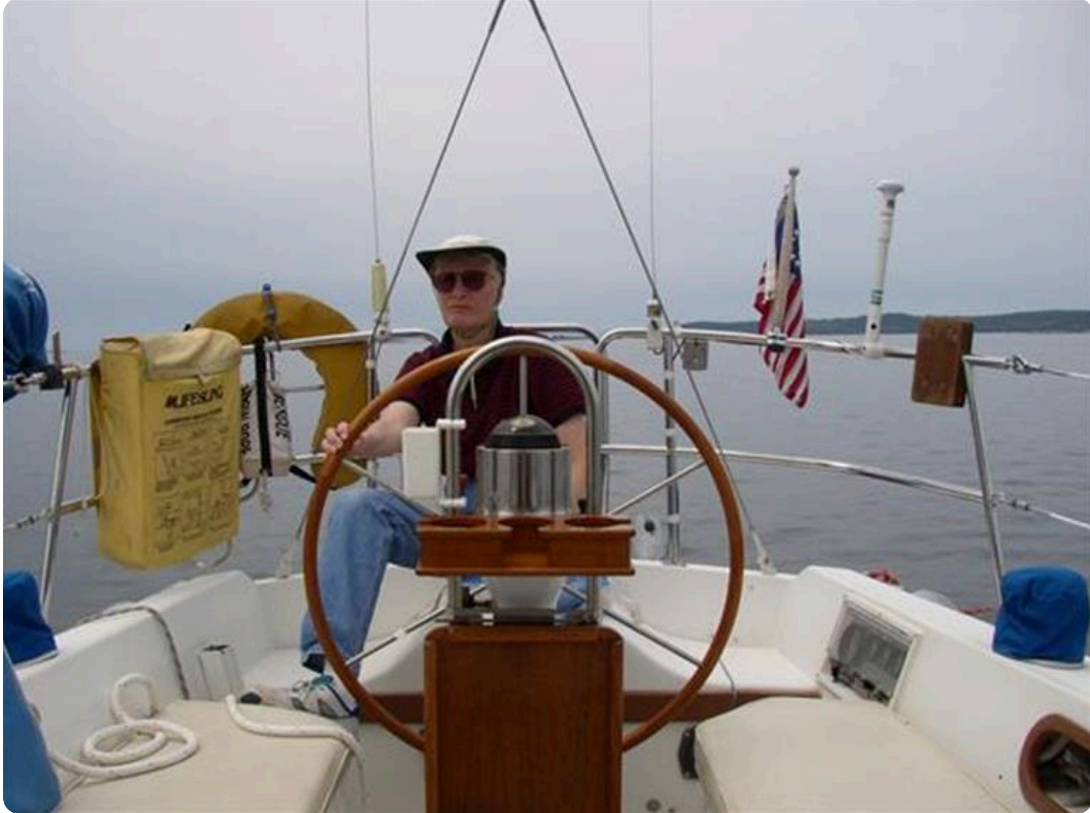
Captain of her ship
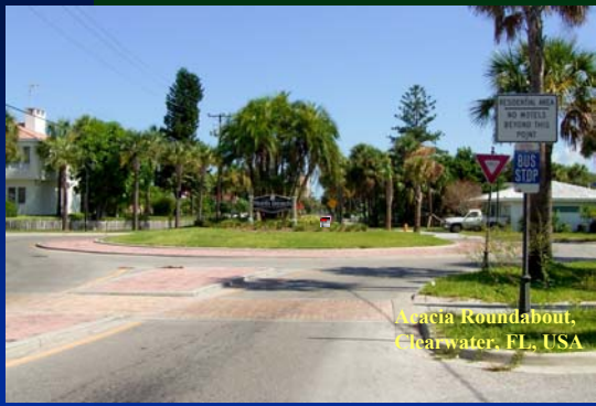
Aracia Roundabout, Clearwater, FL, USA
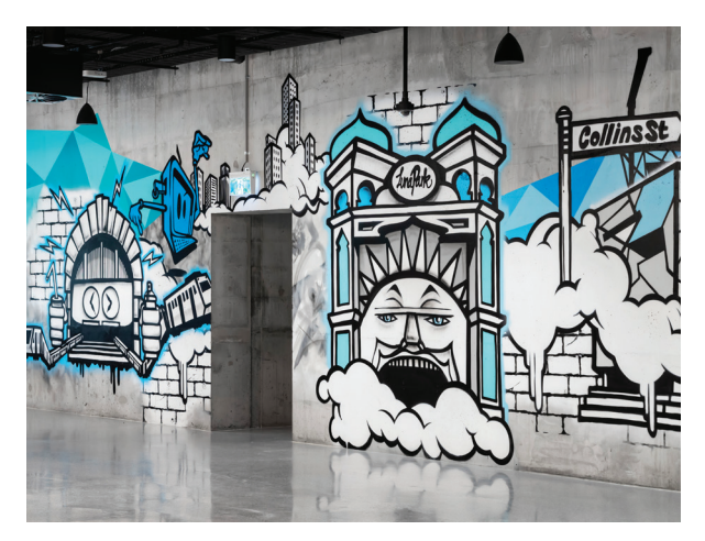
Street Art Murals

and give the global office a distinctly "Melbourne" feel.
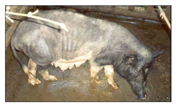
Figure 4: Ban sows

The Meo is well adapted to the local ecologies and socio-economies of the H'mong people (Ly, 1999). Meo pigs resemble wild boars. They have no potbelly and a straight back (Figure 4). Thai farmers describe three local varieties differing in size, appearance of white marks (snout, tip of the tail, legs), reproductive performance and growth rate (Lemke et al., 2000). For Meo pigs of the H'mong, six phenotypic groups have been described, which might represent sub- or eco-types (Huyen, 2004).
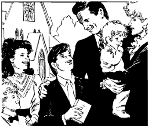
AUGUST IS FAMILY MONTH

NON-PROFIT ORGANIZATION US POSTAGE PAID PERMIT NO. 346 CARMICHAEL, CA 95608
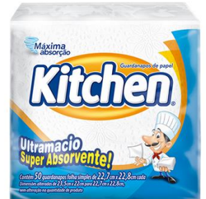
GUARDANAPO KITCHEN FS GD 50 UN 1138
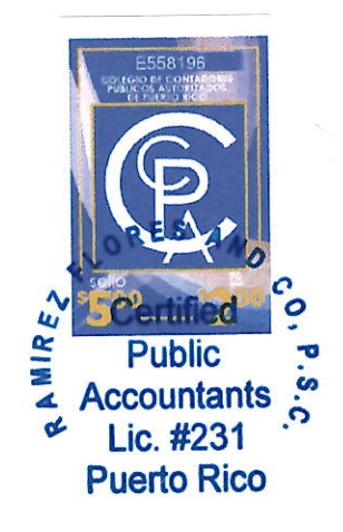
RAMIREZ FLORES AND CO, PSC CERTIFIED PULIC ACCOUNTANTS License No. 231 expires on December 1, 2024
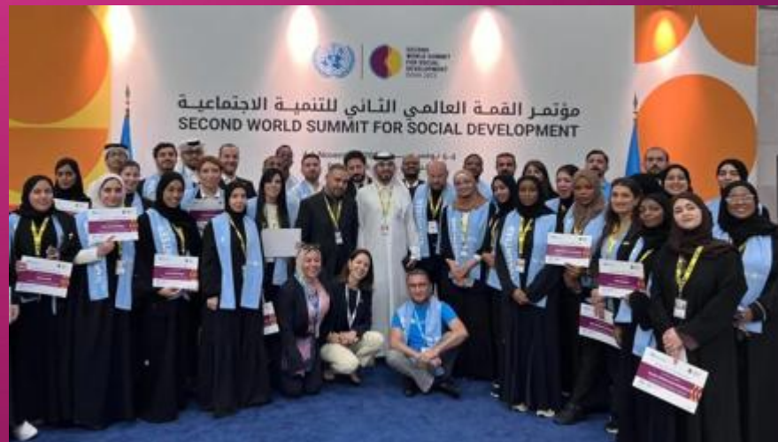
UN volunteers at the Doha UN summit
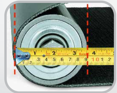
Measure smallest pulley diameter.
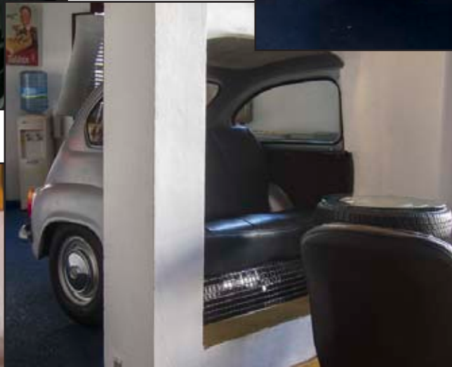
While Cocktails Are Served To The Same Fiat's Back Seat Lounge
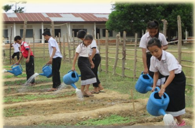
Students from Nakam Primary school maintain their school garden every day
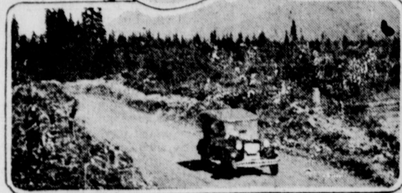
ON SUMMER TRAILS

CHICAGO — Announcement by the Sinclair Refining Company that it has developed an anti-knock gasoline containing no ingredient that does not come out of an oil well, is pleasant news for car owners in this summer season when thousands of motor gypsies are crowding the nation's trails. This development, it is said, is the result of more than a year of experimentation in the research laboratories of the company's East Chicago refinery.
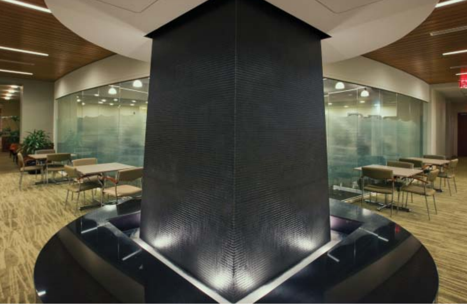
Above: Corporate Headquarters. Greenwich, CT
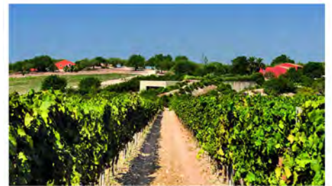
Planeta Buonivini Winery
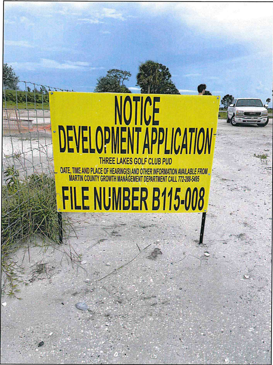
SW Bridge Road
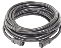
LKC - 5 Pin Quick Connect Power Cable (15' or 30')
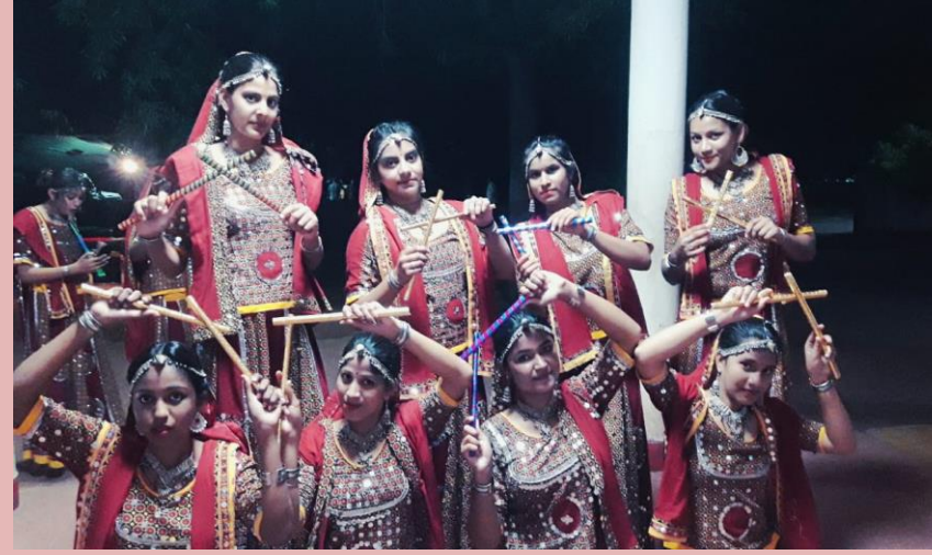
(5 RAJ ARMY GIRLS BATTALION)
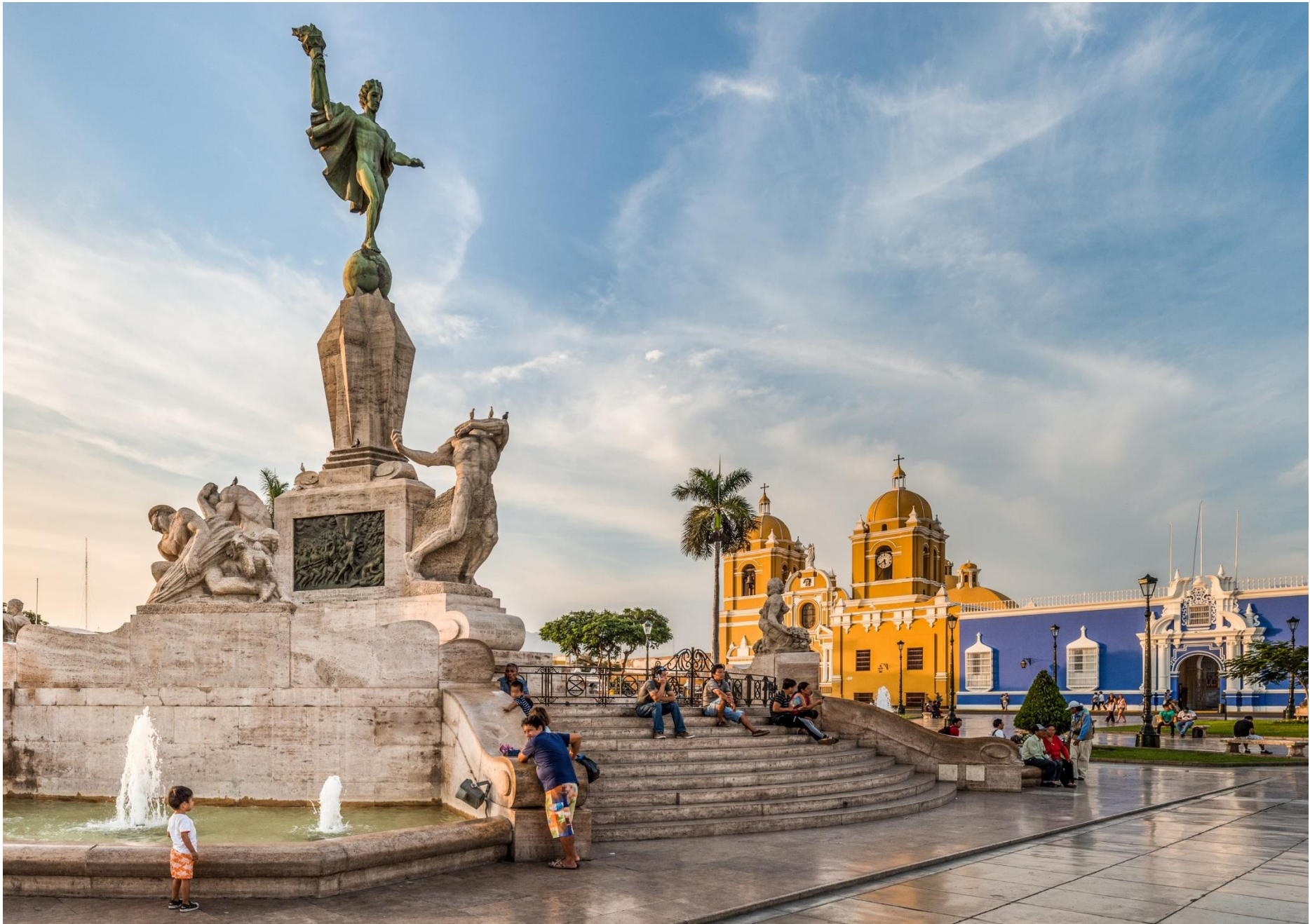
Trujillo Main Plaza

........

TASK INSTRUCTIONS
Once the pictures are set aside, transcribe the remaining lines above exactly.

TASK SOLUTION
Captain of her ship
Aracia Roundabout, Clearwater, FL, USA
Street Art Murals

and give the global office a distinctly "Melbourne" feel.
Figure 4: Ban sows

The Meo is well adapted to the local ecologies and socio-economies of the H'mong people (Ly, 1999). Meo pigs resemble wild boars. They have no potbelly and a straight back (Figure 4). Thai farmers describe three local varieties differing in size, appearance of white marks (snout, tip of the tail, legs), reproductive performance and growth rate (Lemke et al., 2000). For Meo pigs of the H'mong, six phenotypic groups have been described, which might represent sub- or eco-types (Huyen, 2004).
AUGUST IS FAMILY MONTH

NON-PROFIT ORGANIZATION US POSTAGE PAID PERMIT NO. 346 CARMICHAEL, CA 95608
GUARDANAPO KITCHEN FS GD 50 UN 1138
RAMIREZ FLORES AND CO, PSC CERTIFIED PULIC ACCOUNTANTS License No. 231 expires on December 1, 2024
UN volunteers at the Doha UN summit
Measure smallest pulley diameter.
While Cocktails Are Served To The Same Fiat's Back Seat Lounge
Students from Nakam Primary school maintain their school garden every day
ON SUMMER TRAILS

CHICAGO — Announcement by the Sinclair Refining Company that it has developed an anti-knock gasoline containing no ingredient that does not come out of an oil well, is pleasant news for car owners in this summer season when thousands of motor gypsies are crowding the nation's trails. This development, it is said, is the result of more than a year of experimentation in the research laboratories of the company's East Chicago refinery.
Above: Corporate Headquarters. Greenwich, CT
Planeta Buonivini Winery
SW Bridge Road
LKC - 5 Pin Quick Connect Power Cable (15' or 30')
(5 RAJ ARMY GIRLS BATTALION)
Trujillo Main Plaza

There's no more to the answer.